液晶スクリーンだけでなく、白板に書いて理解を深めてもらうこともあるだろう。更に、「ルール」はゼミの時間に遅刻しない、宿題をしてくる、「コミュニティ」はゼミという共同体であり、「分業」は教師は教え、学生は学ぶことである。これらのことにより結果として学生はゼミでの授業内容を理解できるということになる。この三角形は他の三角形とつながり、全体としてのベクトルを調整、分析することなどが可能となる。例えば、授業ごとがバラバラでまとまりがないと学生は困るので、教師間で調整されたシラバスによって学生は効率よく授業を選択し学ぶことができる。
この活動理論の構成図を観察、ユーザビリティやサービスデザインなどの分析に使えないか検討してみた。しかし、教育現場のように集団で活動する場合はいいのだが、そうでない場合が多いので、構成図の下位に位置するルール、コミュニティ、分業のキーワードの代わりに、観察やユーザビリティなどに使うキーワードを置くことにより分析できるめどがついた。
人間と機械との関係を観察したい場合、ルール、コミュニティ、分業の代わりに、HMI(Human Machine Interface:人間-機械系)の5側面とその下位の15項目を使って分析するというアイディアである(図2)。HMIの5側面は以下の通りである。項目の詳細は参考文献を活用してほしい。
1.身体的側面:①姿勢、②力、③フィット性
2.頭脳的側面:①見やすさ、②わかりやすさ、③メンタルモデル
3.時間的側面:①作業時間、②休息時間、③(システムの)反応時間
4.環境的側面:①温度・湿度、②照明、③振動、騒音など
5.運用的側面:①組織の方針、②情報の共有化、③モチベーション
HMIの5側面、15項目をチェックするだけのことであるが、チェックすべき事項が明確となり、観察するシステムの問題点を把握しやすい。例えば、ホテルの清掃員は作業で身体面の負担はないか?作業時間は適切か?良い環境で働いているのか?仲間との情報共有はうまくいっているのか?やる気はどうか、など容易に問題点を出すことができる。
同様に70デザイン項目を使って、各項目に関して評価ができる。
(1)HMIの5側面他(5項目)
(2)ユーザインタフェースデザイン項目(29項目)
項目が多いので、画面インタフェースデザインの6原則を用いればよい。
①手がかり
②用語
③マッピング
④一貫性
⑤フィードバック
⑥メンタルモデル(動作原理)
(3)ユニバーサルデザイン項目(9項目)
(4)感性デザイン項目(9項目)
(5)安全性デザイン項目(6項目)
(6)ロバストデザイン項目(6項目)
(7)メンテナンスデザイン項目(6項目)
(8)エコロジーデザイン項目(6項目)
(山岡俊樹, デザイン3.0の教科書, pp. 98-111, 海文堂出版, 2018)

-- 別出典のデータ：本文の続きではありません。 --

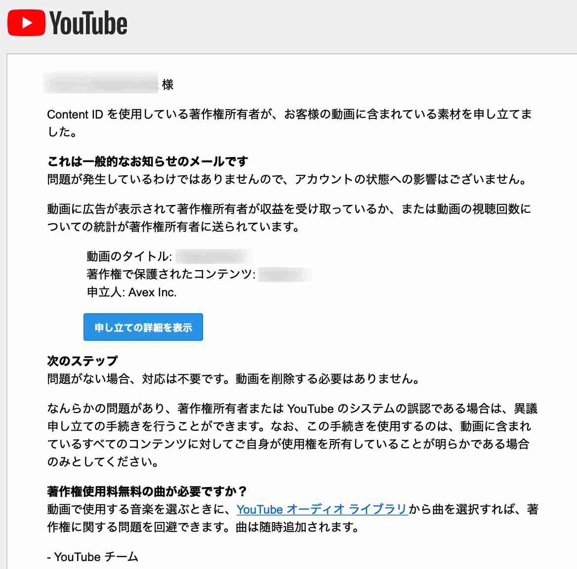 こちらは動画をアップロードして公開していた際に、Content IDが著作権保護されたコンテンツが含まれている事を検出して、自動でYoutubeから僕に送られたメールの内容です。
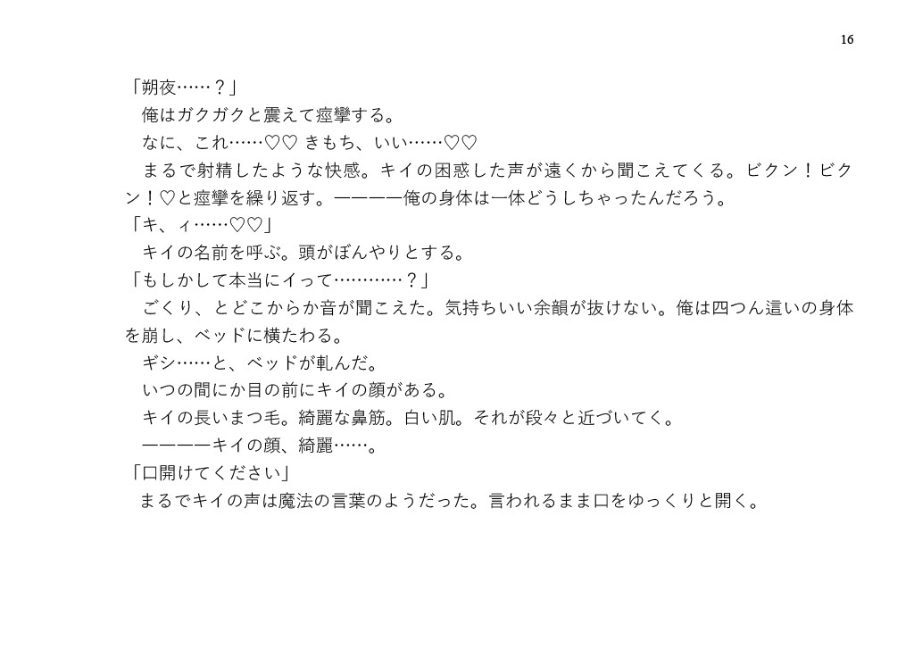 ぎこちない腰振り、自身のエロくない喘ぎ声……。えっちな行為にお尻が疼き、メスイキをしてしまう朔夜。

接客に関して、サービスデザイン(接客)項目(3項目)を活用する。
① 気配り:(a)共感、(b)配慮
② 適切な対応:(a)柔軟、(b)正確、(c)安心、(d)迅速、(e)平等
③ 態度:(a)共感、(b)寛容、(c)好印象、(d)信頼感
(山岡俊樹, サービスデザインでビジネスを作る, pp. 50-52, 技報堂出版, 2022)
図3の構図で、例えばホテルの受付でお年寄りがどう手続きをしたらいいのかわからない場合、サービス従業員(コンシェルジェなど)は「①気配り」によりこの状況を察知し、「③好印象の態度」で、「②安心・平等の対応」を行う。この気配り、対応、態度はケースバイケースでそれらの下位の項目を使えばよい。
項目を並べマニュアル化しても、使う人間として容易に身につかないことが多い。しかし、このようにフレームにしてわかりやすい構造で示すと理解が進むのではないかと思う。
※先生のご所属は執筆当時のものです。